Many of the same ignorant or dishonest people who want us to ‘cut and run’ from Afghanistan want us to jump into Darfur.  Ruxted asserts that if the price in Afghanistan is too high for the Canadian public, then the potential cost of Sudan is likely higher.  Sudan is a ‘tougher nut’ than Afghanistan in part because: the Sudanese Government is working in a quasi-genocide mode and is determined to prevent any outside interference in its affairs; Chinese influence makes effective UN action impossible and creates added political and military risks; fractured rebel alliances are constantly shifting – making the political base for UN operations even more difficult; and there is no sensible long term solution because the water/arable land base is inadequate.  If the price in Afghanistan is too high for the Canadian public, then the potential cost of any operation (especially those involving an element which stands to benefit from prolonged destabilization) is also too high.  If the price in Afghanistan is too high then it is time for Canadians to ‘fess up’ and admit that they don’t care about world peace and the plight of the poorest of the poor; it’s time for Canadians to say “I’m all right, Jack!” and retreat into self satisfied, greedy isolationism.
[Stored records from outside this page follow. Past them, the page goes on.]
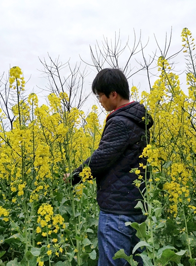 通过不断追踪后期低温影响油菜花抗倒伏、抗病虫害能力,秦梦凡发现两个现象,一是当地的油菜品种优良,冷害发生时,处于蕾薹期的材料表现良好,躲避了此次低温胁迫。二是处于花期的材料,几乎所有植株角果都未表现出严重的冷害现象,空籽粒少,但是二次分枝花蕾部分冻死,且约50%的植株茎杆下部有冻裂现象,会大大增加核盘菌入侵的几率。于是,秦梦凡立即来到当地村委会,提出问题解决办法,建议及时喷施多菌灵等抗病菌农药,通过选择晚花品种来躲避寒潮,预防花旗低温胁迫,同时要做好病情监测预警。“这次抗疫期间,我们村的‘油菜’博士真是帮了我们大忙了!”村委会主任感慨道。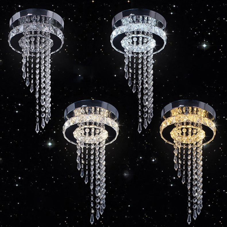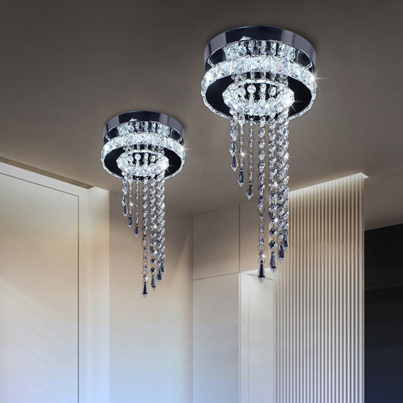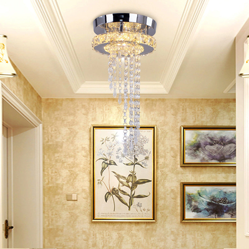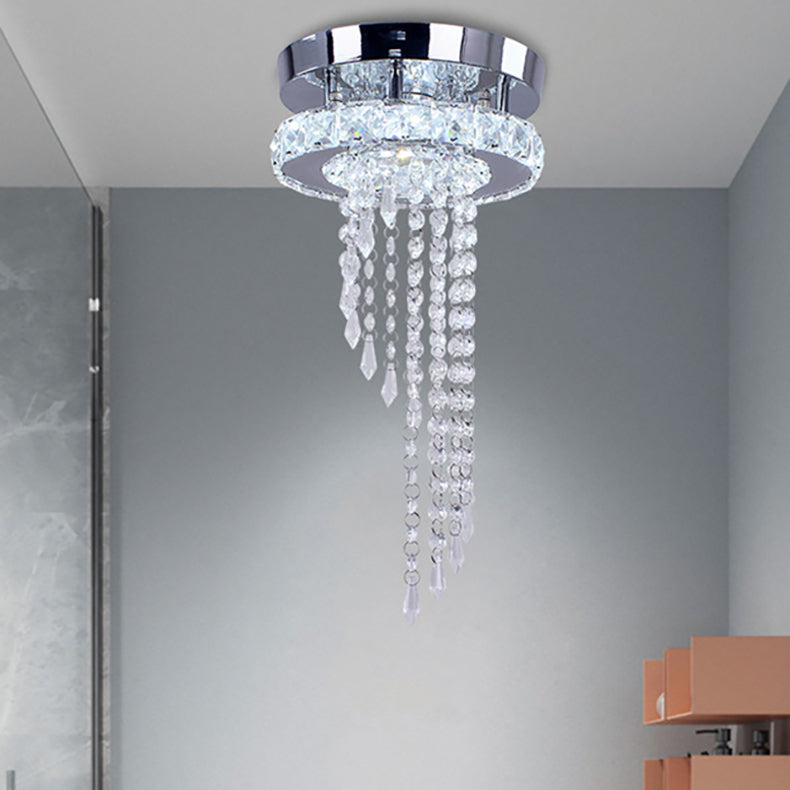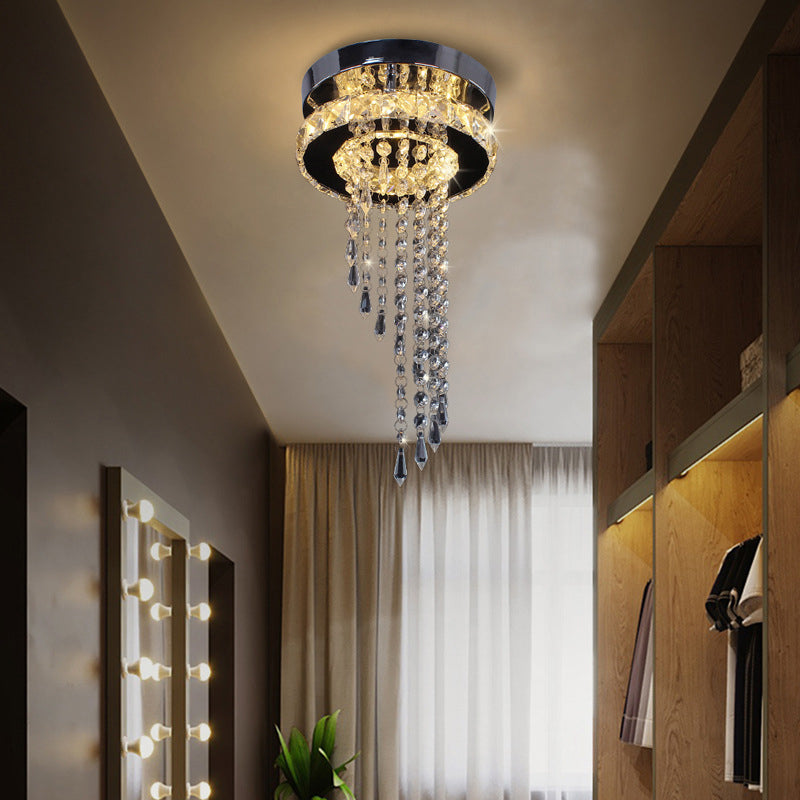 リビングルーム用、現代的な高級二重層ラウンドステンレススチールクリスタルビーズLEDフラッシュマウントシーリングライト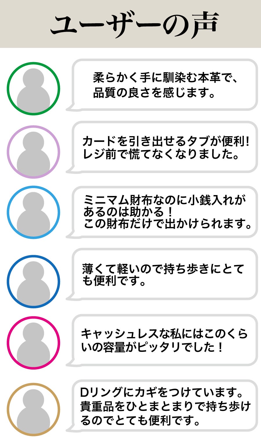 もっと日々の生活のニーズにマッチした機能を考えて、今の時代に本当に必要な機能に絞った財布を考えたとき、個人個人の様々なニーズにあった「ミニ財布」を提案できるのでは?と考えた末に行きついた商品が、今回提案させて頂く財布です。

For too long, successive Canadian governments used UN peacekeeping as an easy, low cost and low risk way to help Canadians feel good about themselves in world affairs.  Their efforts were broadly supported by the media and academe – peacekeeping in baby blue UN berets, a generation of schoolchildren were taught, made us ‘nice’ – nicer than our well armed American neighbours.  Traditional UN peacekeeping changed into more complex, dangerous UN mandated peacemaking missions and, most recently into a combined peacemaking and national reconstruction mission in Afghanistan.  Logically, Canadians should feel even better about themselves for being one of the few responsible, sophisticated, capable nations able to take on these new, dangerous missions.  They are not.  Many, too many Canadians have bought into the wholly fallacious argument that the UN mandated ISAF mission in Afghanistan is some nefarious plot engineered by US Vice President Dick Cheney for his own purposes.  It is not.
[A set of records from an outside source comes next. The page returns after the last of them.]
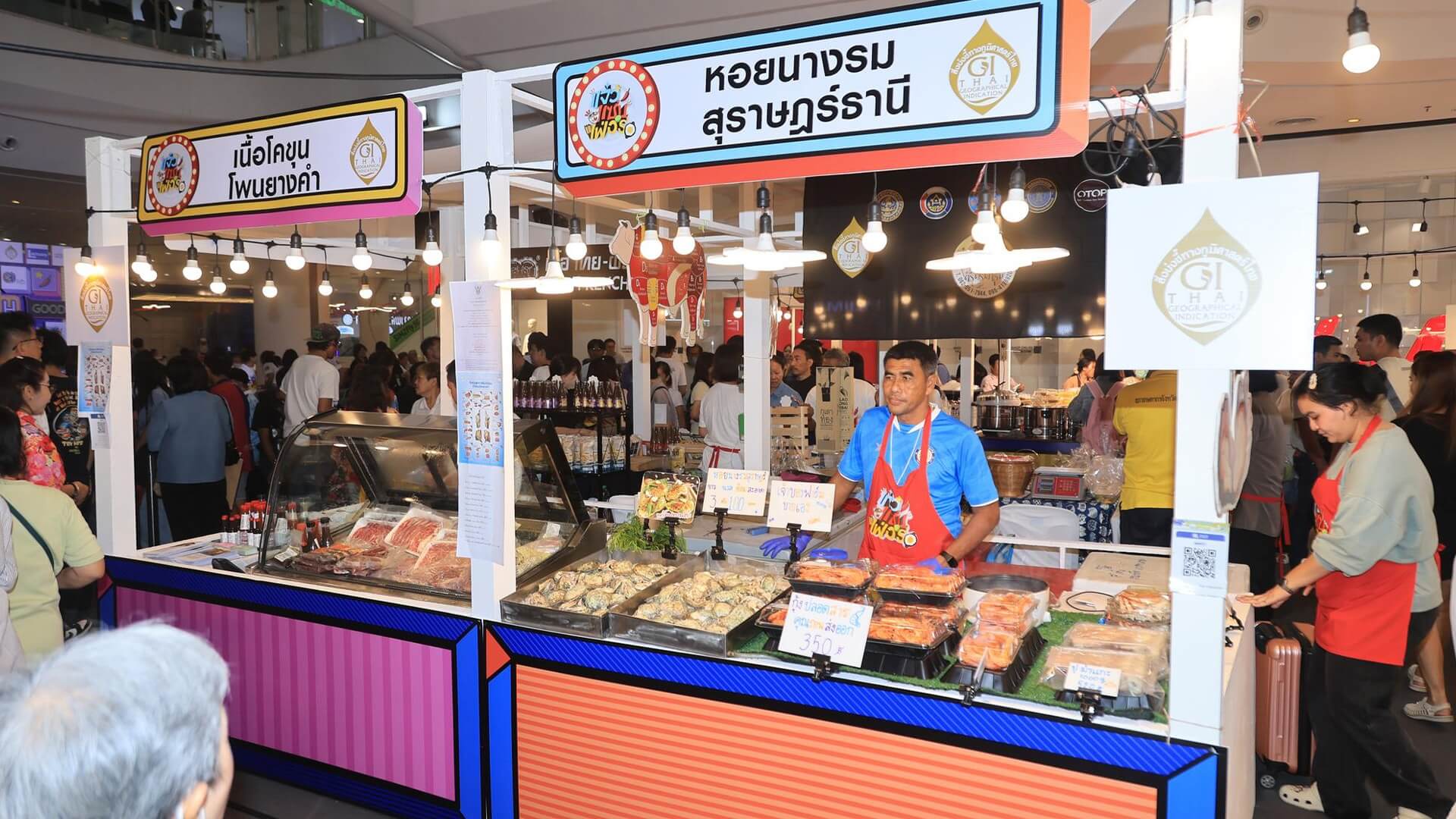 เริ่มต้นกันที่ (บูธที่ 63) ปลาทูแม่กลอง จ.สมุทรสงคราม ซึ่งเป็นปลาทูที่มีลักษณะเฉพาะตัว หน้างอ คอหัก ตัวสั้น เนื้อแน่น มันและหวาน มีให้เลือกหลากหลาย อาทิ ปลาทูนึ่ง ปลาทูซาเตี๊ยะ ปลาทูสามรส ปลาทูแดดเดียว ปลาทูมัน ผัดพริกปลาทู ผัดฉู่ฉี่ปลาทู และ หอยดองแม่กลองพร้อมเครื่องยำ ต่อกันที่ (บูธที่ 65) กุ้งก้ามกรามบางแพ จ.ราชบุรี เป็นสินค้าสิ่งบ่งชี้ทางภูมิศาสตร์ ซึ่งมีลักษณะพิเศษคือ มีเปลือกสีน้ำเงินมันเงา ก้ามสีน้ำเงินหรือสีครามปนสีทอง เนื้อแน่นเต็มเปลือก เมื่อสุกจะมีรสชาติหวาน มีมันมาก และไม่มีกลิ่นคาว นำมาจำหน่ายหลากหลายเมนู ไม่ว่าจะเป็น กุ้งอบซอส ผัดหมี่กุ้งใหญ่ กุ้งเนื้อ (นึ่ง,ทอด,เซีย) พริกเผามันกุ้ง และ มันกุ้งปรุงรส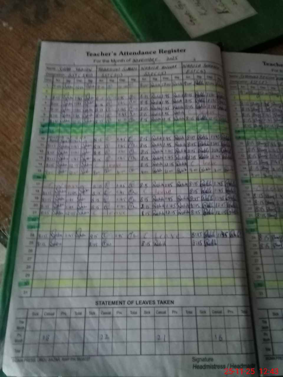 | Leave | Duty | Absent | Maternity | Medical | Ex- Pak |
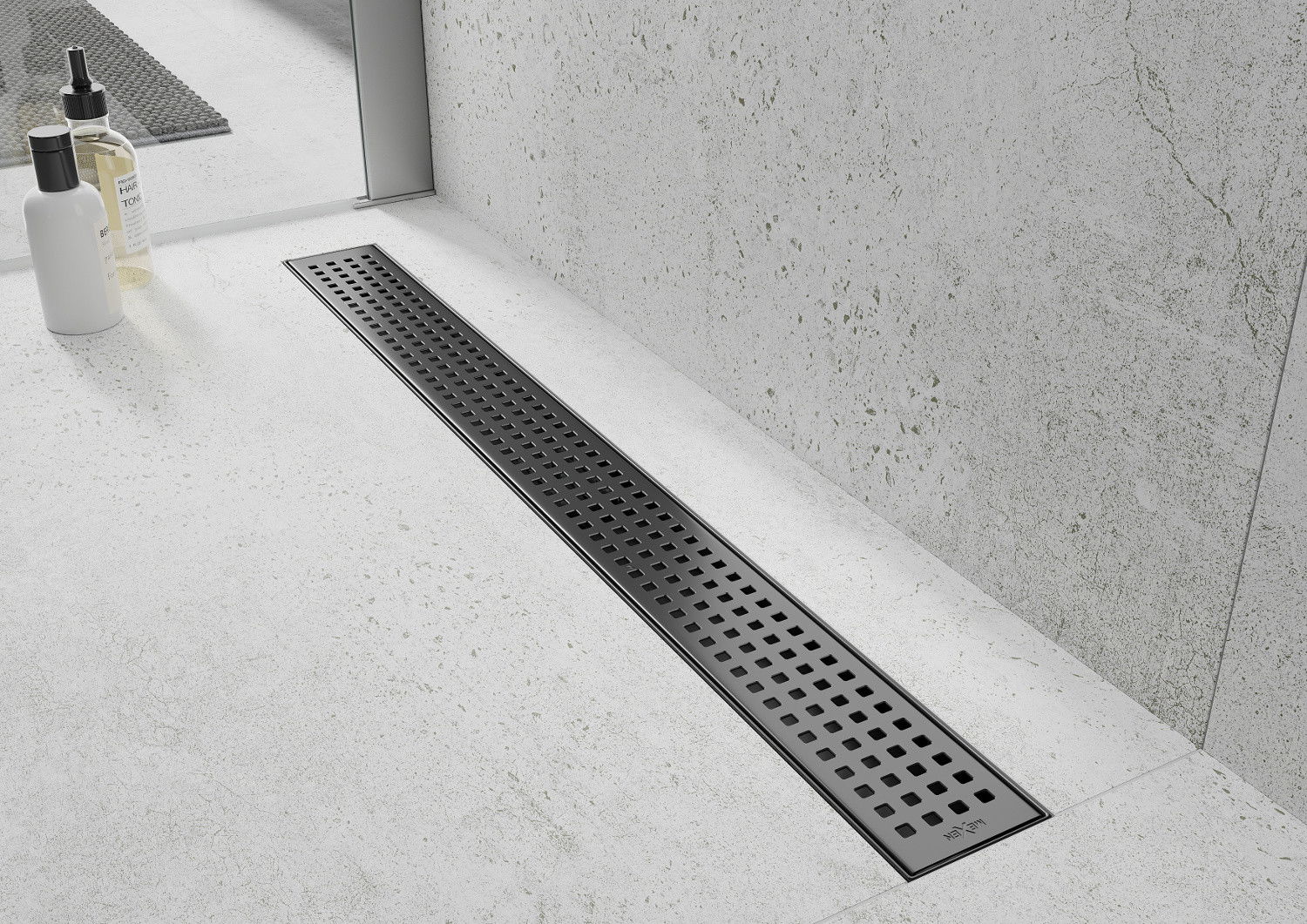The linear drain is mounted at a depth of only 52 mm. The low depth allows for easier surface preparation for the drain installation and easy leveling, ensuring high aesthetics and effective water drainage.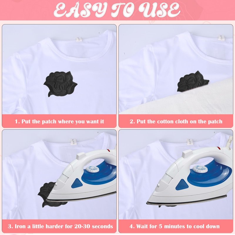 - Easy to use: Our rose flower repair patches comes with adhesive on the back, you can iron directly on most clothes, and rose flower repair patches the heat-sealed backing makes it easy operation.

There is a nothing but massive  hypocrisy, rooted in ignorance and dishonesty, in wanting to help only when we don’t have to worry about the costs.  The price of "feeling good" is far higher in human costs in the conflict zone and lost opportunities for Canada than the costs of assuming our responsibilities in the 21st century community of nations.  But, The Ruxted Group remains optimistic; there have been flickerings of reason here and there: editorially, in the Toronto Star and politically in the Commons defence committee.  We are not so bold as to declare victory and leave this issue but we are impressed that some doubters see some light.  Perhaps Canadians, at large, will, slowly but surely, decide to side with right over convenience.
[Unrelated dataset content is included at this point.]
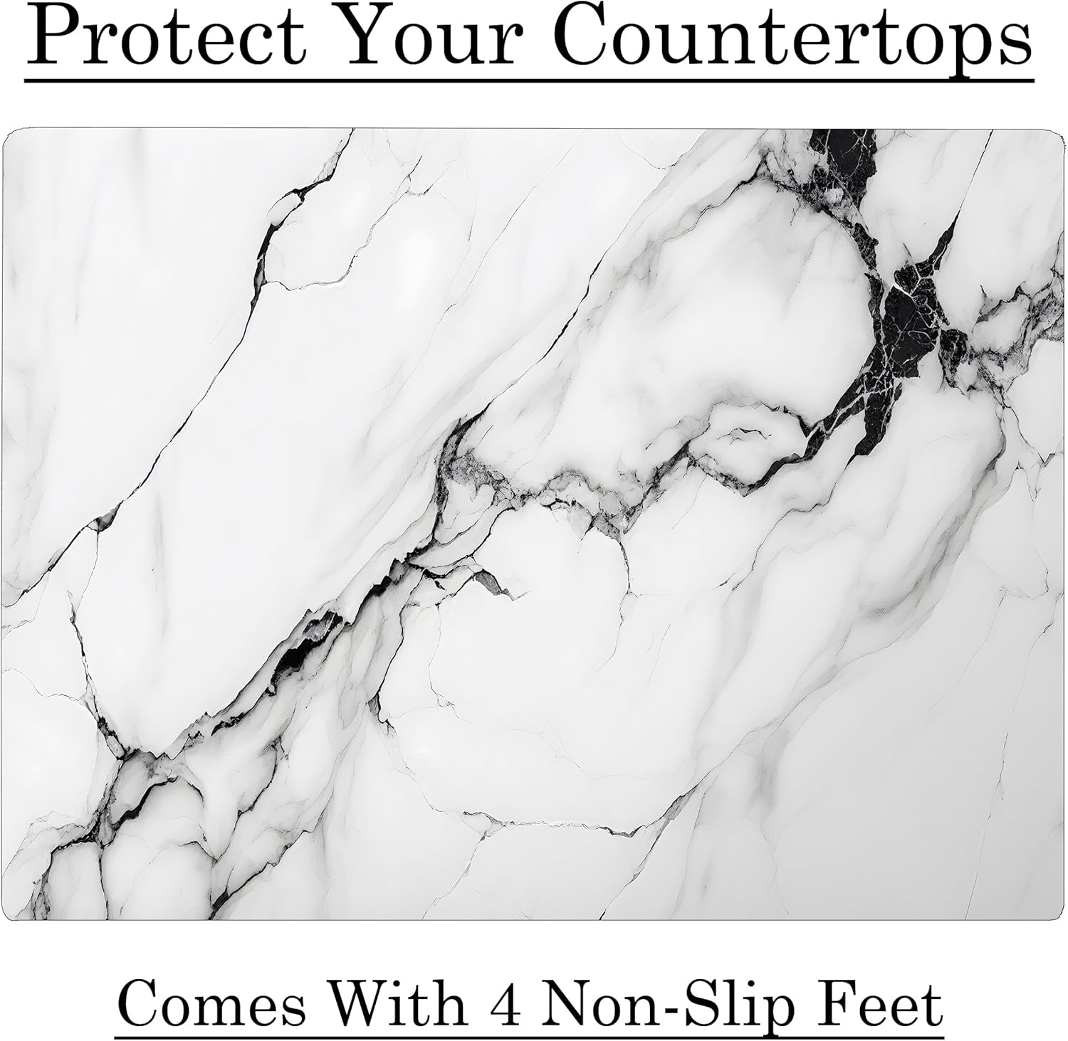 White Black Agate Marble Kitchen Glass Cutting Board Ocean Decorative Gift Marbled Granite Stone Rock Gift For Her Mom Wife (White Black)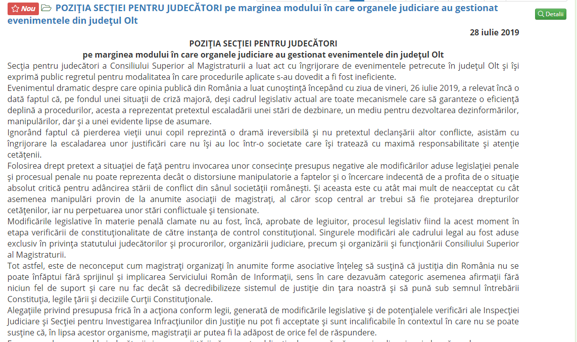 este de neconceput cum magistrați organizați în anumite forme asociative înțeleg să susțină că justiția din România nu se poate înfăptui fără sprijinul și implicarea Serviciului Român de Informații, sens în care dezavuăm categoric asemenea afirmații fără niciun fel de suport și care nu fac decât să decredibilizeze sistemul de justiție din țara noastră și să pună sub semnul întrebării Constituția, legile țării și deciziile Curții Constituționale. /…/ este de neconceput cum magistrați organizați în anumite forme asociative înțeleg să susțină că justiția din România nu se poate înfăptui fără sprijinul și implicarea Serviciului Român de Informații, sens în care dezavuăm categoric asemenea afirmații fără niciun fel de suport și care nu fac decât să decredibilizeze sistemul de justiție din țara noastră și să pună sub semnul întrebării Constituția, legile țării și deciziile Curții Constituționale.

1. That America was going to ‘normalize’ relations with China was not a secret to the foreign affairs _Mandarins_ in Ottawa.  The so-called ‘Warsaw talks’ had been restarted (at Nixon’s insistence) in early 1969. (See: MacMillan, Nixon in China, Toronto, 2006, p. 161.)  The implications of that change were enormous for Canada and Canada had to be nimble, in policy terms, and get its oar in early.


----------



## McG (30 Jun 2007)

I think this should be read by anyone that feels we should give-up the fight in the south of Afghanistan to "peacekeep" in the north of Afghanistan.


----------



## RCD (1 Jul 2007)

The Canadaian public have had wool sock over there eyes all these years.


----------



## a_majoor (3 Jul 2007)

I think this cartoon explains what we are seeing: if it dosn't fit the narrative of someone in a Toronto newsroom or editorial office, it goes down the "memory hole"

http://www.daybydaycartoon.com/2007/07/02/


----------